## EXERCISE AIM
The required output is the exact run of lines below that opens at the line with "MODEL SHOWN: Impreza 2.0i-L Hatch" and closes at the line with "IN DESIGNING THE".

## PROVIDED ENTRIES
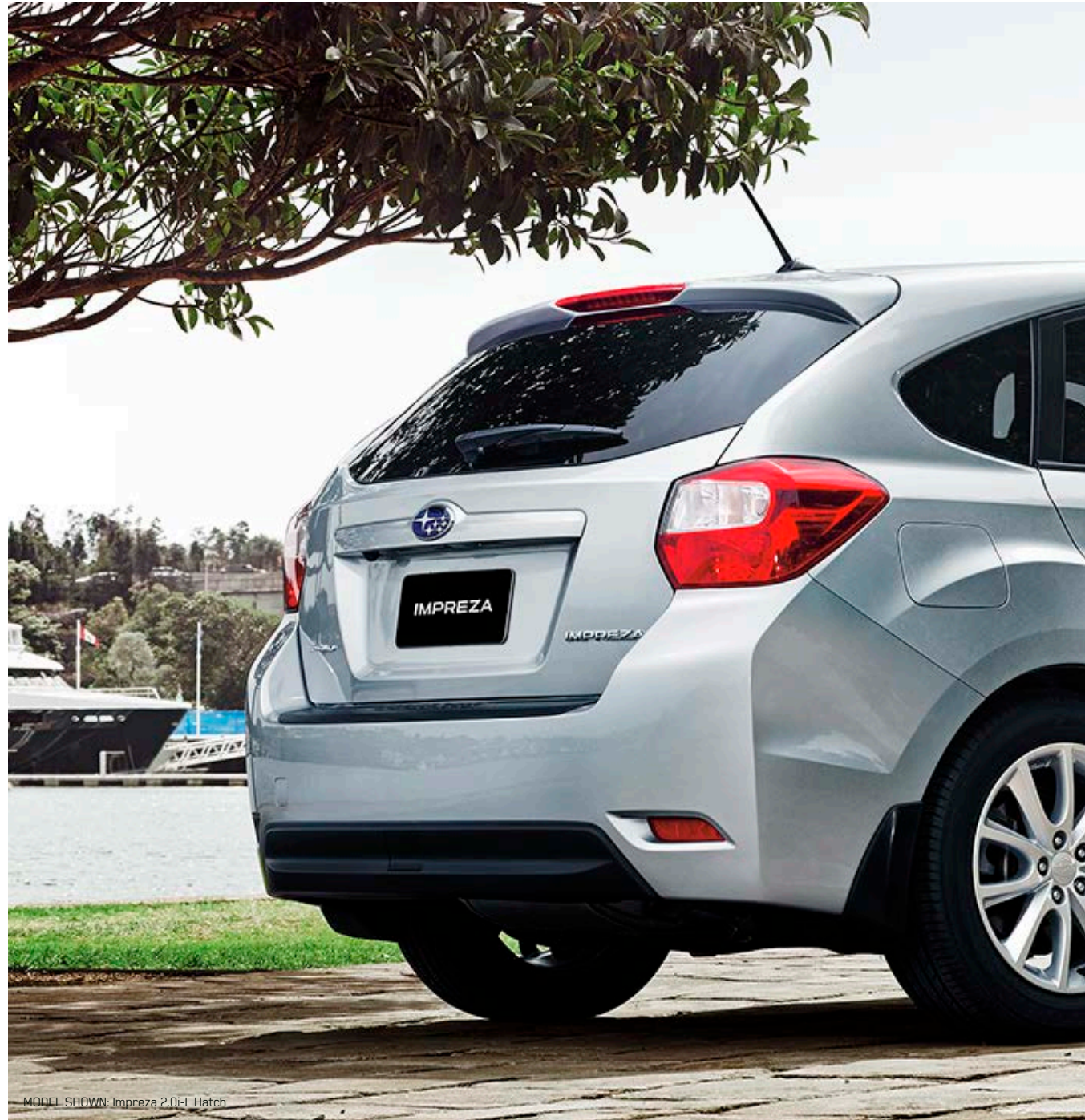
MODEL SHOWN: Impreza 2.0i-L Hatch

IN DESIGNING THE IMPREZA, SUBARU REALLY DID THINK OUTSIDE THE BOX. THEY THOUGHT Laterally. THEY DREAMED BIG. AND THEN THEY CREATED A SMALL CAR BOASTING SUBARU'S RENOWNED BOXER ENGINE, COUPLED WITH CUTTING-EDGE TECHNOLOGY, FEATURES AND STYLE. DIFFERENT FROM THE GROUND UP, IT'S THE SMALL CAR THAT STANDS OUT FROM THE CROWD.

--

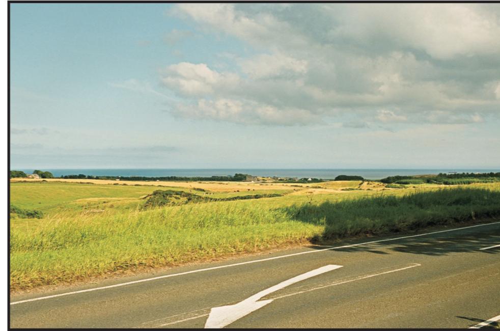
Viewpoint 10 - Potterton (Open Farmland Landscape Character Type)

* * *

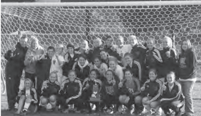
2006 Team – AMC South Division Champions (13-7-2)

## TASK RESPONSE
MODEL SHOWN: Impreza 2.0i-L Hatch

IN DESIGNING THE IMPREZA, SUBARU REALLY DID THINK OUTSIDE THE BOX. THEY THOUGHT Laterally. THEY DREAMED BIG. AND THEN THEY CREATED A SMALL CAR BOASTING SUBARU'S RENOWNED BOXER ENGINE, COUPLED WITH CUTTING-EDGE TECHNOLOGY, FEATURES AND STYLE. DIFFERENT FROM THE GROUND UP, IT'S THE SMALL CAR THAT STANDS OUT FROM THE CROWD.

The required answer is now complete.